Why you should use a Reference Manager, as a Software Engineer
April 20, 2021โข964 words
The little secret no one told the non Academic folks.
We tend to see the world through the lens of the cumulated media that influence us. The same goes for your Software Engineering career; every technical blog posts, research papers, books, online courses, videos, etc. you consume shape the way you tackle a problem. Some pieces of information stand out more than others. And some pieces even give you that Ahah! moment where a foggy concept becomes crystal clear. It would be great to keep those eyes-opening ressources at hand whenever we need a refresher or want to share them with a friend.
How can we keep track of those valuables chunks of information spread out on the Internet?
Our digital knowledge is scattered among various services and keeping track of a piece of information depends on the format of the media.
You might add the last book you read on your Goodreads bookshelf. If it's a Youtube video, you like it and maybe add it to a playlist. For research papers you read them, annotate them and then never come back at it because you forgot what it relates to. Maybe you use Pocket for interesting blog articles and read 1 out of 10 bookmarked posts. Each of those systems have their own metadata system and information retrieval becomes tedious.
A use case - Indexing research papers
I tried several techniques to organize my pdf. For research papers, I used to have a tag system with the colored label on macOS. Red for an an unread paper, green for read, yellow for outstanding. But this 1-Dimensional approach is limited. If you store all those papers in a single directory you quickly get overwhelmed, so why not using several folders? Ok why not, let's take an example: I have two folders; one for papers related to Distributed Computing, one for Machine Learning. Now let's say I find a great paper on managing ML models in a distributed environment, where do I put it? In the Distributed Computing folder? Or in the Machine Learning folder? Do I create a Distributed Machine Learning folder? All those answers make information retrieval harder.
A solution, using a Reference Management Software
We can take inspiration from the Academic World. They read conference proceedings and other long, scary .pdf almost everyday. Their career is build on their intellectual capital and their ability to connect the dots between results of past experiments to come up with innovative ways to address a problem and move Science forward. To achieve this goal, they need tools to organize their knowledge with little distractions. We share at least this minimal set of features with Academic folks:
Storing a reference and its metadata - a Write
Retrieving a reference efficiently with multiple search criteria - a Read
In Database speak, the system we aim to design shall sustain heavy read and low write rate. It's ok that it takes more time for us to "write" a new record in the reference management system (adding metadata: author, publisher, source url, year, keywords, abstract, etc.) since it allows cheap read operation. The faster you retrieve information, the more likely you'll re-use the tool over time.
It literally takes less than a minute to add an entry to a your reference manager. You're helping your future self by doing this and adding those tiny bits of metadata that make that paper, blog, video, meaningful to you.
A reference manager gives you that one-stop shop for the pieces of information that build up your intellectual capital. Usage of such a tool pays off in the long term, like 2+ years IMO. Indeed, a folder-based approach is good enough to get started.
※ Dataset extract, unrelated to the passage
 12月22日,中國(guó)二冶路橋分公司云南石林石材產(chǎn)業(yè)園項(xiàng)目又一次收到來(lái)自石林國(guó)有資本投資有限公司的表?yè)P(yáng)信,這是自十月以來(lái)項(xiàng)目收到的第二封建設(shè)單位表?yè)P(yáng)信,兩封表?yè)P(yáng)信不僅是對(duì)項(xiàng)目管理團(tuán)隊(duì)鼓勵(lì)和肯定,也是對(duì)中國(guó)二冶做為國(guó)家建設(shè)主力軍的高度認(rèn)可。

But once you realize how hard it is to maintain your knowledge base, consider using a reference manager.
Helping your future you..
...and others along the way
So what are the benefits of using a reference manager?
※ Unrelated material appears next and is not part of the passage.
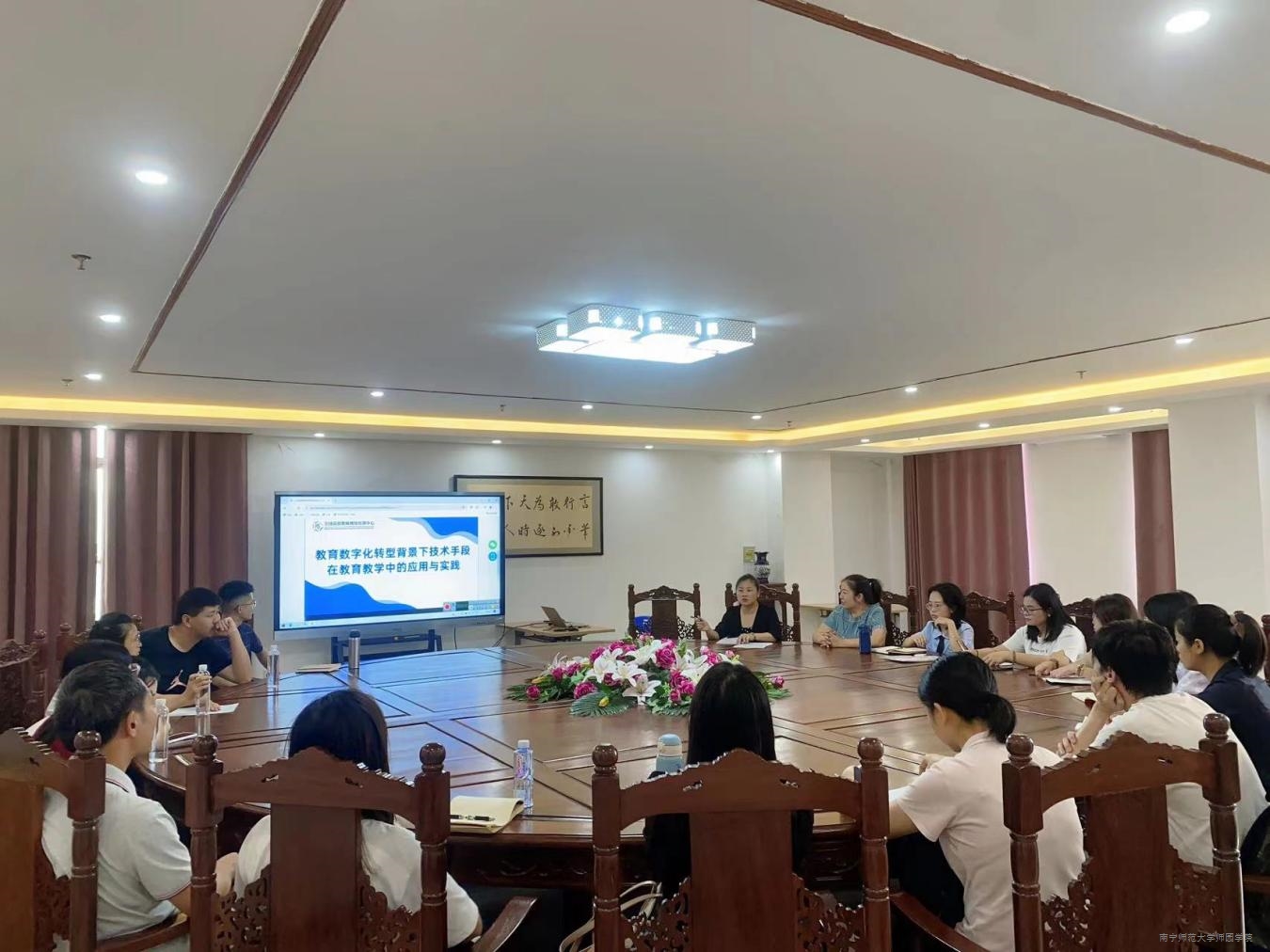 讲座中,杨九民教授以教育数字化背景为切入点,阐述了数字化融入教学的重要性并分析讲解了教学设计的概念、层次和模式,让全体与会人员对数字化背景下的教学设计有了更明确、具体的认识与理解。他指出教学设计落地的关键环节是要运用适当的教学内容、目标、方法、模式和评价。随后,杨九民教授结合大量具体教学案例就如何做好教学设计进行讲解,详细分析了在开展教学设计工作时应注意的事项和重点内容,并鼓励教师们将数字技术运用于教学实践中进行差异化教学和个性化学习。杨九民教授的讲座内容丰富、条理清晰,具有较强的实践性和指导性,让我院青年教师充分感受到了数字化教学的魅力,有效激发了青年教师对教学设计的强烈兴趣,为推动我院教育教学改革创新具有重要意义。

It enforces a consistent metadata system and naming conventions which speeds-up information retrieval.
You now have your one-stop shop for all your resources that have contributed to your intellectual growth. Books, papers, but also Youtube videos and other non-academic formats. I even have a record for this amazing Youtube video distilling the intuition behind the Fourier Transform. I could never get such a visual intuition through a textbook. (I just typed Fourier in my Bookends to get that link :) )
It becomes easier to share a reference with a friend. Discussing with a colleague about string encoding? It's likely they'll be interested in reading Spolsky, J. (2004). The absolute minimum every software developer absolutely, positively must know about unicode and character sets (no excuses!). Retrieved 2021-04-19, 2021, from https://www.joelonsoftware.com/2003/10/08/the-absolute-minimum-every-software-developer-absolutely-positively-must-know-about-unicode-and-character-sets-no-excuses/
Low on disk space? It's ok, you can store metadata of a book/paper/pdf/video and not have the actual data on your disk. The wise man know where to look it up.
Getting practical, two interesting reference management systems
I hesitated between Zotero and Bookends but ultimately went with Bookends as my reference manager on macOS. They offer very similar features and if I were a Linuxian, Zotero would be my go to solution.
Their interface has little distractions to focus on the content. The several panels and options make the tool overwhelming at first but key features of adding/searching for a document are intuitive to use.
Zotero is open source and completely free, while Bookends has a price tag of 63โฌ with a one time buy (I'd never go for a subscription service for something I know I'll use my whole career if I can answer the need through a one-time payment).
After trying them both, the UI and iCloud sync feature of Bookends made me choose this one.